MatchIt on Big Data - Horizontal data split on exact variables

kosukeimai / MatchIt

R package MatchIt

210 stars 43 forks source link

MatchIt on Big Data - Horizontal data split on exact variables #66

Closed nchemine closed 3 years ago

nchemine commented 3 years ago

I am using MatchIt on big data (2 mio records), so it does not run in one go. I need to split up my dataset into subsets (based on values of my exact variables) and run iterations of MatchIt on these subsets to make it work. It would be really great if MatchIt could do that automatically (or allow for users to specify that) - that would be an immense improvement in terms of computing efficiency!

Also, I am looking for a way to re-combine all my different MatchIt outputs (each run on a subset of my data) and do not know how to do that - any help would be greatly appreciated!!

Thank you for your great work!

ngreifer commented 3 years ago

So funny you asked, both of these features are available in the development version of MatchIt on my GitHub. With nearest neighbor matching, when an argument to exact is specified, matching takes place seperately within each level of the exact matching variables, which will speed up execution. I have plans to allow this to be parallelized, too, but I haven't implemented that yet. Also, if you match separately within subgroups (i.e., using different calls to matchit()), you can now use a special rbind() method to bind the several match.data() outputs together into a single output for effect estimation. You do still have to assess balance within each matchit object separately, though, as these cannot be combined. You can be clever and use the rbind() output with cobalt if you retain the unmatched units in the match.data() calls.

To install the devlopment version on my GitHub, you can run devtools::install_github("ngreifer/MatchIt").

nchemine commented 3 years ago

Hello Noah,

This is amazing!! Thank you so much! I have tried it this morning and it has worked brilliantly indeed. I am just wondering what the implications are of using this development version. I am doing professional biomedical data analysis and need to be sure the results are correct. Is there anything I should be aware of? When do you plan to release this feature into the "publicly available" version? Thank you very much again and kind regards,Nathalie Op vrijdag 30 april 2021 05:04:10 CEST schreef Noah Greifer @.***>:

So funny you asked, both of these features are available in the development version of MatchIt on my GitHub. With nearest neighbor matching, when an argument to exact is specified, matching takes place seperately within each level of the exact matching variables, which will speed up execution. I have plans to allow this to be parallelized, too, but I haven't implemented that yet. Also, if you match separately within subgroups (i.e., using different calls to matchit()), you can now use a special rbind() method to bind the several match.data() outputs together into a single output for effect estimation. You do still have to assess balance within each matchit object separately, though, as these cannot be combined. You can be clever and use the rbind() output with cobalt if you retain the unmatched units in the match.data() calls.

To install the devlopment version on my GitHub, you can run devtools::install_github("ngreifer/MatchIt").

— You are receiving this because you authored the thread. Reply to this email directly, view it on GitHub, or unsubscribe.

ChristelSwift commented 3 years ago

Hi Noah, is this new feature implemented from MatchIt 4.2.0? I'm trying optimal pair matching with exact matching on some selected variables, and mahalanobis distance on other variables.

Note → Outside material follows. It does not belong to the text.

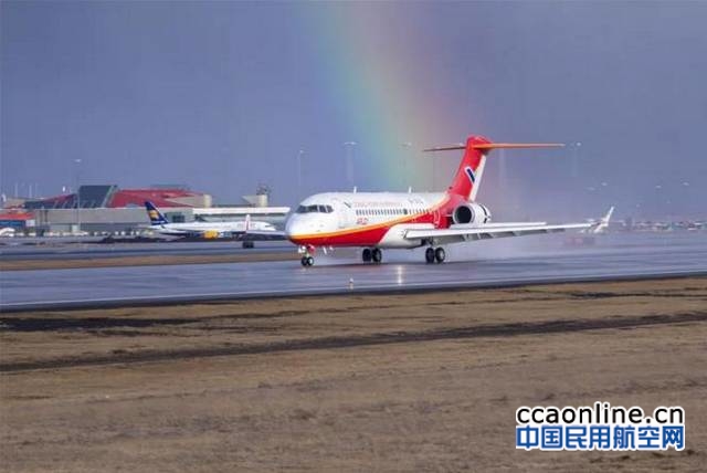 3月26日,中国民航局试飞员赵志强、中国航空工业集团试飞中心试飞员陈明驾驶着ARJ21飞机104架机在冰岛凯夫拉维克国际机场执行了6个起飞和6个着陆。

I can't get it to work with the full dataset which has about 500k rows (of which about 150k are in the treated group), i keep running out of memory.... Do i have to use a specific syntax for the matching to take place separately in each level of the exact matching variables? I'm currently using something like this:

match1 <- matchit(
  experiment_group ~ .,
  method = "optimal", 
  mahvars = ~ age + children + comedy + drama + ents + factual + learning + music + news + sport , 
  exact = c("gender", "acorn_category", "hf"),
  data = db
)

ngreifer commented 3 years ago

Yes, that is a feature in 4.2.0, but only for nearest neighbor matching. Exact matching with optimal matching is handled by the optmatch package, which may not be able to handle such a large dataset. The ability to handle large datasets is an advantage of nearest neighbor over optimal matching. By setting verbose = TRUE with method = "nearest" you can also track the progress within each category of the exact variables. In general, nearest neighbor and optimal matching yield similar results, so you aren't losing anything by using nearest neighbor.

ChristelSwift commented 3 years ago

thank you so much for such a prompt reply, i'll try nearest!